## Exercise:
Give the lines again exactly as they appear below, from the line with "图一:恩师圣观法师在西安大兴善寺《般若波罗蜜多心经》照壁前留影;" to the line with "The house is", both included, and only those lines. Leave every picture out.

## Records shown:
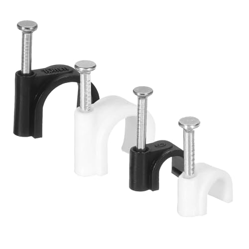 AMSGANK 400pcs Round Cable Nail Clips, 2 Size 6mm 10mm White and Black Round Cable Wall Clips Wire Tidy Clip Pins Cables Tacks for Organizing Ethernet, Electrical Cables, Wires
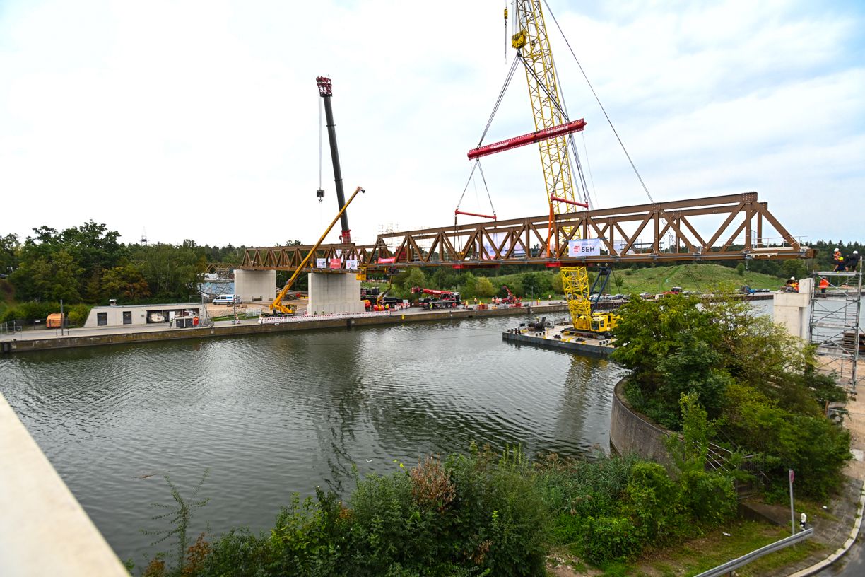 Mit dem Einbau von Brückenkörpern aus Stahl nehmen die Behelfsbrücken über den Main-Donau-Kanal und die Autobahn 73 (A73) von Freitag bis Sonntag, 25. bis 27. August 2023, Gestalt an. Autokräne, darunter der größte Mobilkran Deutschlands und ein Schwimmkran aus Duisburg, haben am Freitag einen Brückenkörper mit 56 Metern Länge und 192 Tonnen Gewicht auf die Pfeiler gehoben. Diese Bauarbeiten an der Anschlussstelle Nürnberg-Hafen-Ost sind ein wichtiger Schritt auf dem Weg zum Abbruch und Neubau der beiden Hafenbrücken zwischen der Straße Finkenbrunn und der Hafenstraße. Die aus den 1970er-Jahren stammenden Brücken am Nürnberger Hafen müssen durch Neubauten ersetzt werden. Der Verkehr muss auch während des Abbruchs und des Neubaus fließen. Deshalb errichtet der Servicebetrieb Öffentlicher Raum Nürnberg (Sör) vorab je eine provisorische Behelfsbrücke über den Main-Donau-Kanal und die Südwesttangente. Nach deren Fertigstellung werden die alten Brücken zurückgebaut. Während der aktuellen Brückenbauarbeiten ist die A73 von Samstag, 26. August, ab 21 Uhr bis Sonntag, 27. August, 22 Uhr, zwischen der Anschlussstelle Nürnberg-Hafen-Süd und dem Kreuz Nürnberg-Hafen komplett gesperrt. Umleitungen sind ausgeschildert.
...
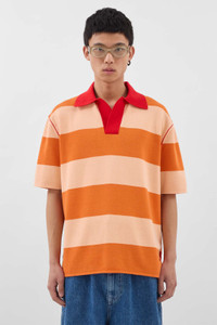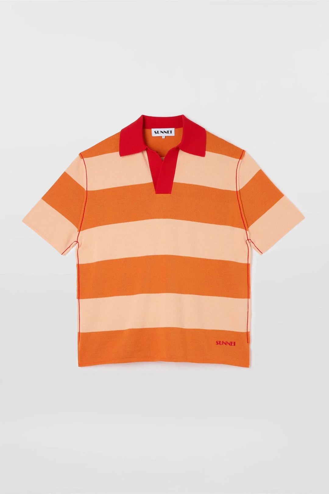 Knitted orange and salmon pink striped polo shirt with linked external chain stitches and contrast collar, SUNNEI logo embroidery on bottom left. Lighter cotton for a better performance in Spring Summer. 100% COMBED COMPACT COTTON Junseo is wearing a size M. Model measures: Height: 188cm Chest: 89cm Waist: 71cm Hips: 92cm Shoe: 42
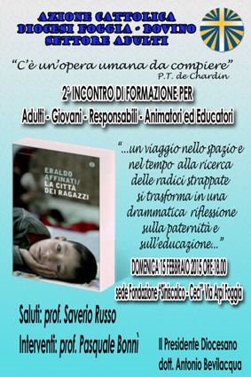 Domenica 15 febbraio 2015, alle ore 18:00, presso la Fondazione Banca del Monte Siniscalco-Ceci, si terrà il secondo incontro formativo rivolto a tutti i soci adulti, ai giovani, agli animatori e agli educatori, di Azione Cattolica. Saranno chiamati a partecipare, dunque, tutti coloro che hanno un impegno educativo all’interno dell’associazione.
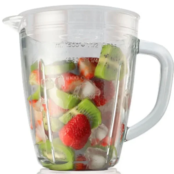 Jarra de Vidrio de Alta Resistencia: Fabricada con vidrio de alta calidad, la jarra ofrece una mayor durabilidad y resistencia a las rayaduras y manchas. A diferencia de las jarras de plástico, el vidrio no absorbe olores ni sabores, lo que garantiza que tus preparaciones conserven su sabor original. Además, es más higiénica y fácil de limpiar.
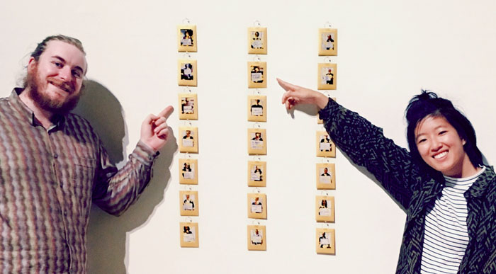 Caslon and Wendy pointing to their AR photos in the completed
---
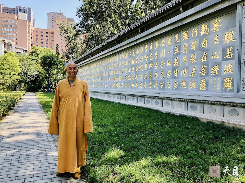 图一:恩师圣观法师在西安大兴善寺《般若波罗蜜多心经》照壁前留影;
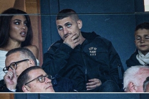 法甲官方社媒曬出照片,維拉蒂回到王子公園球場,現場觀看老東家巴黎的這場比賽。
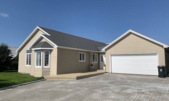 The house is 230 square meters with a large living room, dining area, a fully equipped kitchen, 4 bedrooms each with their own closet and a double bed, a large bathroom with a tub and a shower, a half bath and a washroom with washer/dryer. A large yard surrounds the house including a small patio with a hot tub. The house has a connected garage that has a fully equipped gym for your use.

## Written reply:
 图一:恩师圣观法师在西安大兴善寺《般若波罗蜜多心经》照壁前留影;
 法甲官方社媒曬出照片,維拉蒂回到王子公園球場,現場觀看老東家巴黎的這場比賽。
 The house is 230 square meters with a large living room, dining area, a fully equipped kitchen, 4 bedrooms each with their own closet and a double bed, a large bathroom with a tub and a shower, a half bath and a washroom with washer/dryer. A large yard surrounds the house including a small patio with a hot tub. The house has a connected garage that has a fully equipped gym for your use.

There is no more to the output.